Quiero compartir algo que Fred enseña que nos puede ayudar a entender mejor la cristología. Él le dice la “Caja Calcedoniana” porque resume la cristología que vemos plasmada en el Credo de Calcedonia (451 d.C.).[2]

Primero, miremos una sección del Credo, que habla de Cristo como

Engendrado del Padre antes de todas las edades, de acuerdo a la Deidad; y en estos postreros días, para nosotros, y por nuestra salvación, nacido de la virgen María, de acuerdo a la Humanidad; uno y el mismo, Cristo, Hijo, Señor, Unigénito, para ser reconocido en dos naturalezas, inconfundibles, incambiables, indivisibles, inseparables; por ningún medio de distinción de naturalezas desaparece por la unión, más bien es preservada la propiedad de cada naturaleza y concurrentes en una Persona y una Sustancia.[3]

Aunque este credo usa un lenguaje técnico, Fred lo resume en un diagrama sencillo:

La Caja Calcedoniana, si la interiorizamos, nos ayudará a presentar la doctrina bíblica sobre Cristo correctamente. Hay un montón de herejías sobre la persona de Cristo, pero si nos mantenemos dentro de los límites de esta Caja no nos caeremos en ningún hueco teológico.

También puedes leer:La navidad es el misterio más grande

Lo práctico de la Caja Calcedoniana

Como escribí en otro artículo, estos asuntos teológicos no sirven si no se aplican a nuestra lectura de la Biblia y a nuestra vida cristiana. He aquí algunas reflexiones iniciales de esa índole sobre estas verdades.

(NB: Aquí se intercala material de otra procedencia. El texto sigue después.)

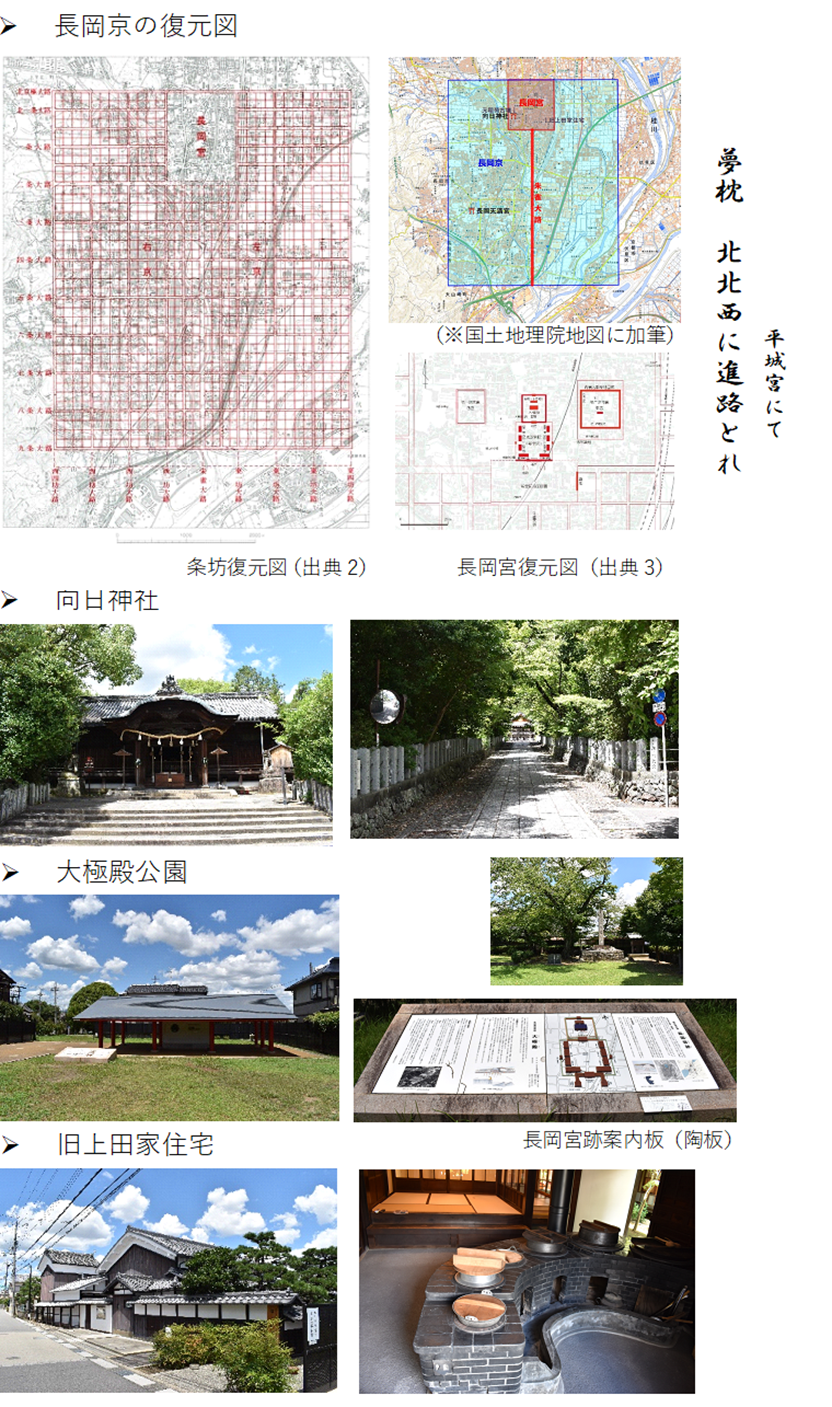 (文献1)「平安京の時代 一 桓武王権の成立 1 長岡京の時代」佐々木恵介著、吉川弘文館 2014年 (出典1)「長岡宮内裏「西宮」西方地区の調査(現地説明会資料)」向日市埋蔵文化財センター 2025年 (出典2)「長岡京跡の条坊制」長岡京市埋蔵文化財センター公式サイト (出典3)「長岡宮」向日市埋蔵文化財センター公式サイト
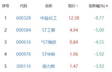 中盐化工、ST工智、*ST海投、ST华铁、保力新位列涨幅榜后五位,涨幅分别为-8.77%、-5.00%、-4.55%、-3.92%、-3.92%。
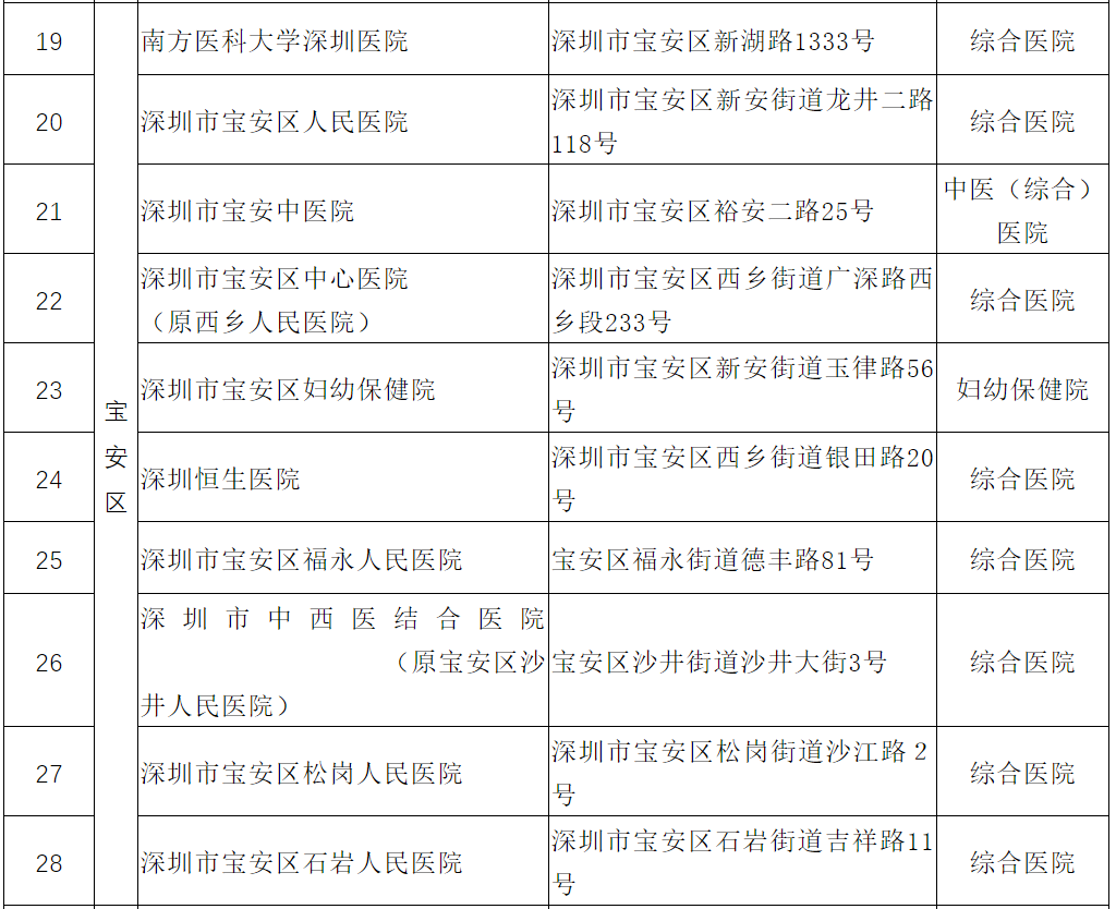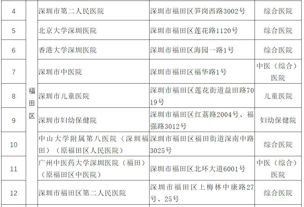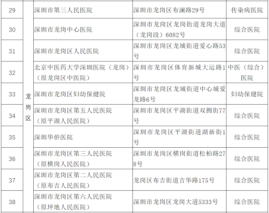 七、积极就医。出现发热、咳嗽或打喷嚏、呼吸急促等症状,及时到发热门诊(名单见下图)就诊,如近期(2周内)到过武汉或者接触过类似病例,应主动告知医生。积极配合医疗卫生机构执行相关规定。

  1. Cristo es completamente Dios.

Por ser completamente Dios, Cristo nos puede salvar. El Antiguo Testamento nos dice, “Yo, yo Jehová, y fuera de mí no hay quien salve” (Isaías 43:11). Solo Jesucristo, quien es Dios encarnado, nos puede salvar. “Y en ningún otro hay salvación; porque no hay otro nombre bajo el cielo, dado a los hombres, en que podamos ser salvos” (Hechos 4:12). Los primeros cristianos no tenían siglos de reflexión teológica sobre la Persona de Cristo, pero entendían que “Jesús es el Señor” y el Único que nos puede salvar.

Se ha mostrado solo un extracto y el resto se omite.